Na sociedade medieval a atividade lúdica era um dos principais meios disponíveis para estreitar laços coletivos, isso acontecia durante as festas quando as crianças, jovens e adultos participavam dos folguedos de modo igual. Era o espaço onde se dava o aprendizado da criança realizado a partir dos cuidados de muitas pessoas sem distinção etária aonde a diversidade era encarada com naturalidade e o espaço de brincar era o espaço público.
No fim do século XIX as crianças começam a ser separadas do mundo dos adultos e sua aprendizagem que antes era tida na rua com o contato com os outros que ali circulavam passa a ser substituída pela escola.

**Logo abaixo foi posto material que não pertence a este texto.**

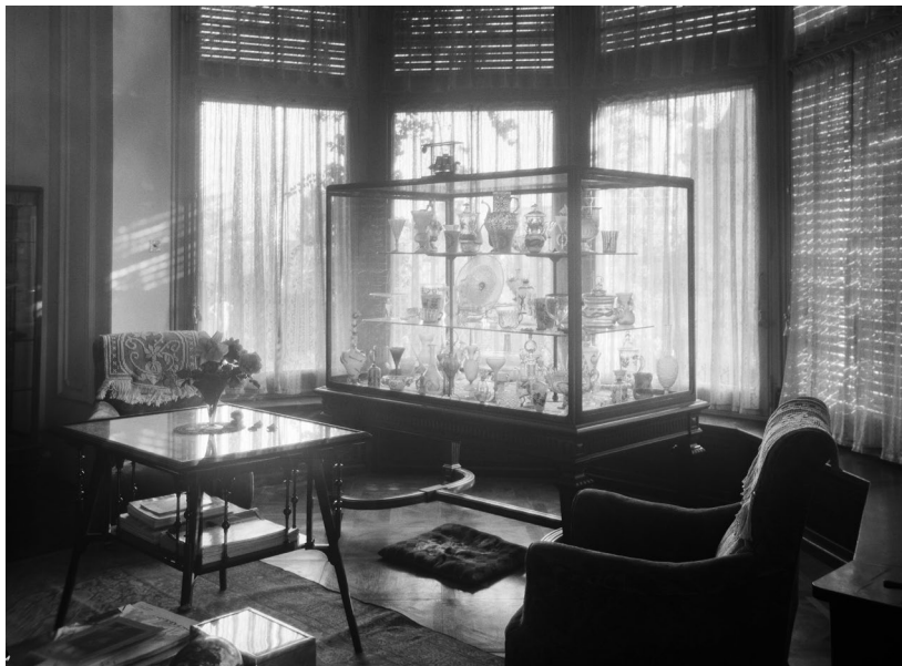
FIGURA 6. La sala de la planta baixa amb la vitrina de la col·lecció de vidres d'època moderna.
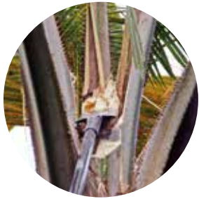
1. Remueva el tejido enfermo.
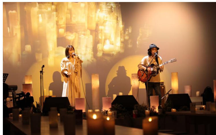
J-WAVEによるアーティストLIVE(昨年の様子)
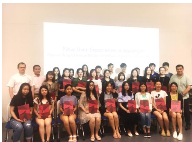
(往届线下课程结业证书颁发现场)
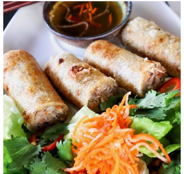
野菜と揚げ豆腐の揚げ春巻き
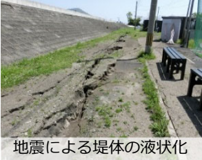
地震による堤体の液状化
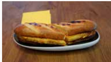
Classic Poulet-Schnitzel 8.00
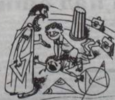
- Александр Македонский, перестаньте воевать с соседями!
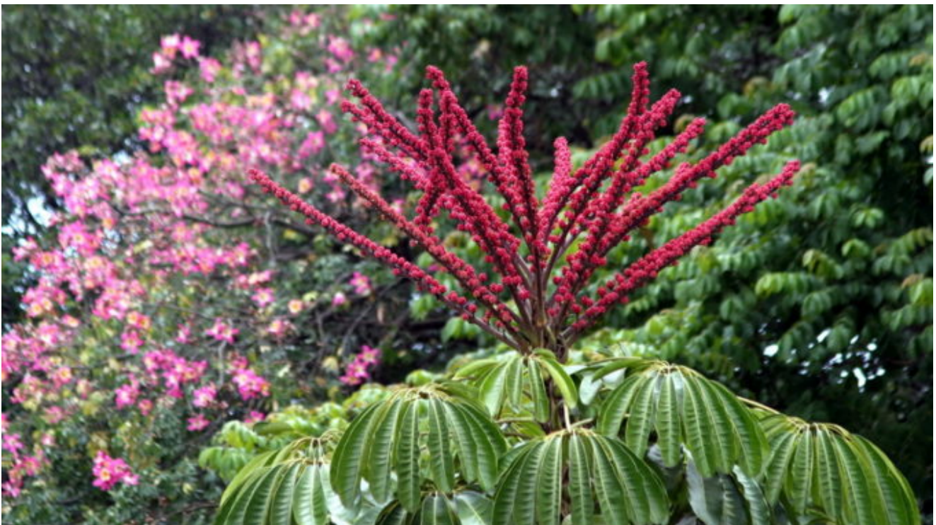
Schefflera actinophylla
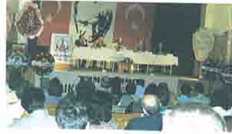
Balıkesir Çevre-98 Paneli
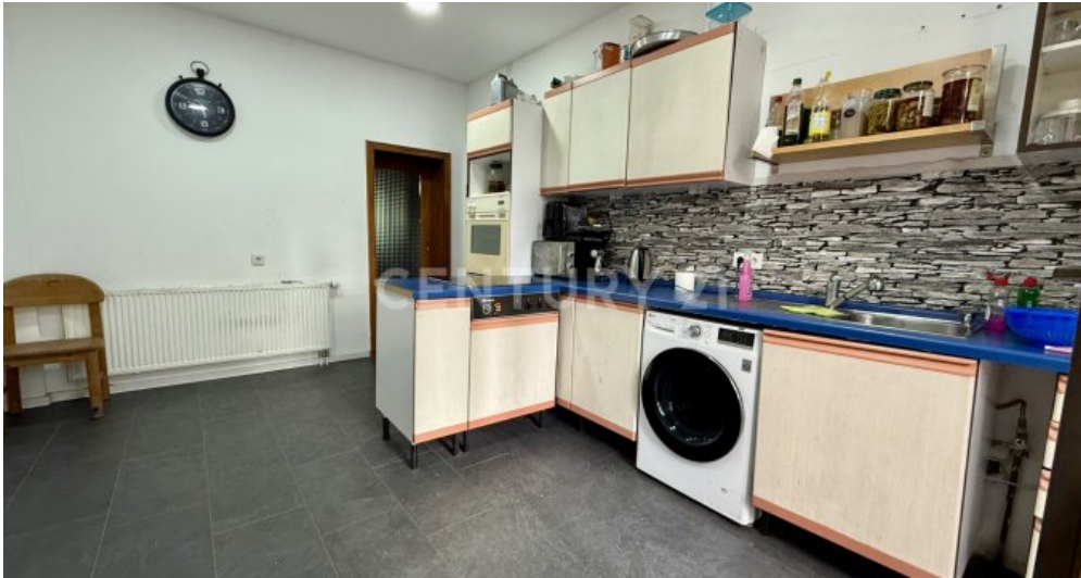
Küche mit Ausgang zur Terrasse
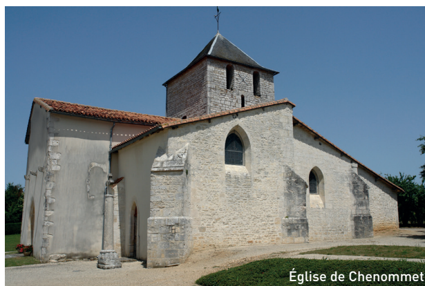
Église de Chenommet

3 Au lieu-dit «Bellevue», très beau panorama sur la vallée de la Charente.
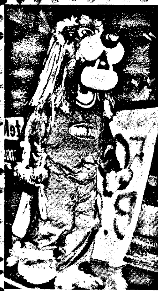
Simpaticul leu, mascota BC ICIM Arad, la prima apariție pe un teren de baschet
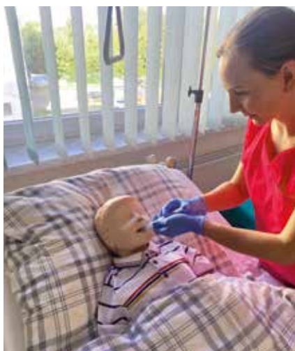
Zajęcia praktyczne z opieki nad małym pacjentem

Program studiów, przygotowany zgodnie ze standardami obowiązującymi w Unii Europejskiej, zapewnia studentom zdobycie szerokiej, wszechstronnej wiedzy oraz umiejętności, jak i pełnego przygotowania zawodowego do zatrudnienia we wszystkich obszarach pielęgniarstwa zarówno w kraju, jak i zagranicą. Kształcenie na tym kierunku studiów powierzono grupie doświadczonych wykładowców z doskonałym dorobkiem naukowym i wieloletnim doświadczeniem praktycznym.
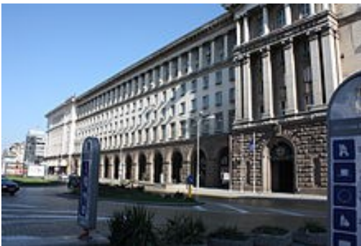
La présidence du conseil des ministres

A criança foi separada dos adultos e mantida a distância numa espécie de quarentena, antes de ser solta ao mundo. Essa quarentena foi a escola, o colégio. Começou então um longo processo de enclausuramento das crianças que se estenderia até nossos dias, e ao qual se dá o nome de escolarização. (ÀRIES, 1981, p: 11)
As crianças começam neste momento a perder o espaço da rua, o direito à cidade, seus novos espaços passam a ser a escola e a família.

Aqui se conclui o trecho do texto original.